It is to be noted that the answer admits the execution and delivery of the note by admitting the second paragraph of the complaint, but the record shows that the case was tried without objection and submitted to the jury upon the issues tendered by the special matters alleged in the answer. This admission, and these special matters, are inconsistent, if literally construed, but, in view of the practical construction given the answer upon the trial, it must be held that the special allegations limit the admission to the genuineness of the signatures to the note. Five of the defendants did not appear at the trial or testify in the case, nor was any evidence offered on behalf of any of them as to how their signatures to the note were obtained. Each of the other defendants testified at the trial, and severally gave evidence tending to support the special allegations of the answer, and gave evidence to the effect that he signed his name in a subscription book for a share in the horse, and in no other way, or for any other purpose.
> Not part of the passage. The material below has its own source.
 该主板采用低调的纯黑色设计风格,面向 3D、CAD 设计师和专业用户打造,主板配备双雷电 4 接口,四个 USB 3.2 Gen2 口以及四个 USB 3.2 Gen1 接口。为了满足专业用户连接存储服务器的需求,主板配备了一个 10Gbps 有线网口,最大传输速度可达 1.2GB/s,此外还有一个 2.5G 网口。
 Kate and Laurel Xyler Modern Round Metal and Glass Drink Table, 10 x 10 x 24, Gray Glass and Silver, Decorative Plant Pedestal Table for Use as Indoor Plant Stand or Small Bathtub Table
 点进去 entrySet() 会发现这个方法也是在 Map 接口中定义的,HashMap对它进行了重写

The subscription book in which the defendants wrote their names is similar to the subscription book described in the opinion of the court in the case of Yellow Med. Co. Bank v. Wiger, 59 Minn. 384, 61 N. W. 452, but the precise trick or artifice whereby what the defendants testify was a blank leaf of the subscription book, upon which they signed their names, became the promissory note here in question, the evidence does not disclose. The evidence of the defendants as to how and the purpose for which they signed their names is not contradicted' and there is no assignment of error that the verdict is not justified by the evidence.

1. The plaintiff’s first assignment of error is that the court erred in denying the plaintiff’s motion at the close of the evidence to direct a verdict for the plaintiff. The motion was in these words: “Plaintiff at this time asks the court to direct a verdict in favor of the plaintiff for the amount claimed in the summons.” The plaintiff claims that in any event it was entitled to a verdict against the five defendants who did not appear upon the trial or offer any evidence in support of their defense. Conceding such to be the case, without so deciding, still the motion was that a verdict be [528]*528directed against all of the defendants. If the plaintiff was not, as a matter of law, entitled, upon the evidence, to a verdict against all of the defendants, the court correctly denied the motion. It was not so entitled.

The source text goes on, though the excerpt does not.